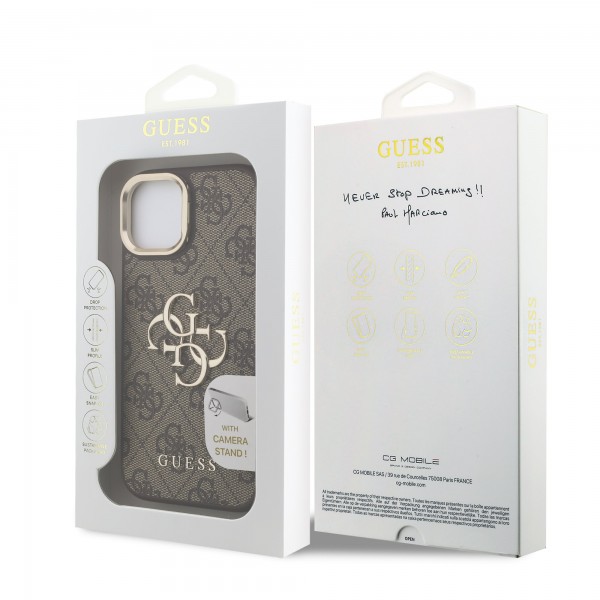 Guess iPhone 15 Hülle Case Metal Stand Camera Frame 4G Braun
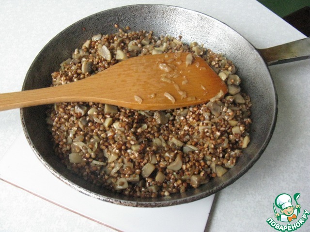 • Мелконарезанный лук обжариваем на растительном масле до прозрачности, добавляем грибы и жарим "до зарумянивания". Добавляем гречневую крупу и, помешивая, жарим еще 1-2 мин.
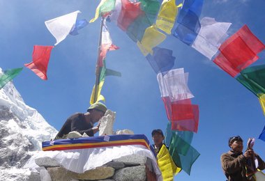 Tags darauf erreichten wir Namche Bazar. Über Pangboche und Dingboche ging es nach Chunkhung. Um schon akklimatisiert ins Basislager zu kommen, war unser Plan im Hochlager des Island Peak 6.189 m zu übernachten. Den Gipfel betraten wir bei Prachtwetter.
++++++
TASK DIRECTIONS:
Reproduce, word for word, the lines from the one containing "еще 1-2 мин." through the final line above. Leave every picture out.

YOUR RESPONSE:
 • Мелконарезанный лук обжариваем на растительном масле до прозрачности, добавляем грибы и жарим "до зарумянивания". Добавляем гречневую крупу и, помешивая, жарим еще 1-2 мин.
 Tags darauf erreichten wir Namche Bazar. Über Pangboche und Dingboche ging es nach Chunkhung. Um schon akklimatisiert ins Basislager zu kommen, war unser Plan im Hochlager des Island Peak 6.189 m zu übernachten. Den Gipfel betraten wir bei Prachtwetter.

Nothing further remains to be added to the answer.